Comme si ces épreuves ne suffisaient pas, des messagers irrationnels – sous les ordres – s’affairent à nous rapprocher jour après jour d’une guerre nucléaire.
Et certains fonctionnaires subalternes l’admettent même, à brûle-pourpoint.
Tout est là, dans une conversation entre le juge Andrew Napolitano et les analystes Larry Johnson et Ray McGovern, au cours de laquelle le premier fait référence à un courriel qu’il a reçu d’une source militaire / de renseignement. Voici ce que la source lui a dit :
Aujourd’hui, j’ai écouté une longue interview d’un ancien officier de renseignement de Tsahal. Sa position était claire : « Nous visons », a-t-il dit, « vers une guerre mondiale » (c’est moi qui souligne).
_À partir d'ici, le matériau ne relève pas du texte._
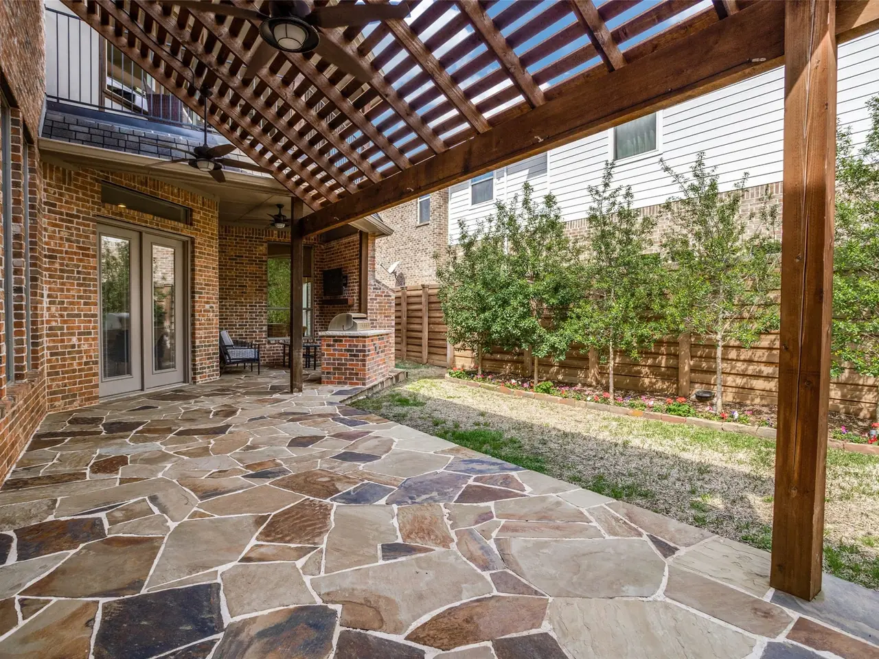 Outdoor grill and fireplace in low-maintenance living area
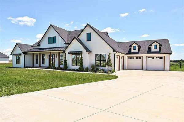 Modern ranch on 2.14 acres in Tuscan Estates, Deer Creek Schools! Built in 2023 by Highland Building Co., this 3,244 sq ft home features 3 beds, 3.5 baths, a 4-car garage, and a loft over the garage. Enjoy an oversized living room, large bedrooms with walk-in closets, and a stunning kitchen with a 10-ft island, gas range, double ovens & beverage fridge. Dedicated home office with built-ins. Wood floors throughout, tile in wet areas, and carpet only in loft. Two propane fireplaces (indoor & outdoor), covered porches front & back, and a generous portion of the backyard enclosed with black chain-link fence. Zoned gas/electric, spray foam insulation, security system, tankless water heater, sprinkler system, well, septic & buried propane. Oversized concrete driveway. HOA not yet turned over; est. $350/year. Move-in ready with space, privacy & high-end finishes throughout!

Israël ne devrait donc pas s’empêcher de mettre en œuvre certaines des mesures les plus radicales, car ses actions seront mesurées rétroactivement dans le contexte du conflit mondial brutal à venir.
Cela devrait être considéré comme l’explication ultime de l’escalade frénétique incessante de l’Hégémon/Vassal sur le front entrelacé des Guerres Éternelles – de Gaza à Novorossiya.
Cela inclut le génocide – et les retombées du génocide, comme l’escroquerie de 320 millions de dollars de la jetée d’aide maintenant transformée en ferraille sur la côte de Gaza, ramenant tout cela au génocide alors que le stratagème du fil d’Ariane d’expulser/expédier des Palestiniens à l’étranger a lamentablement échoué.
« Viser vers une guerre mondiale » montre clairement qui dirige vraiment le spectacle. Et tout le monde multipolaire est toujours pris en otage.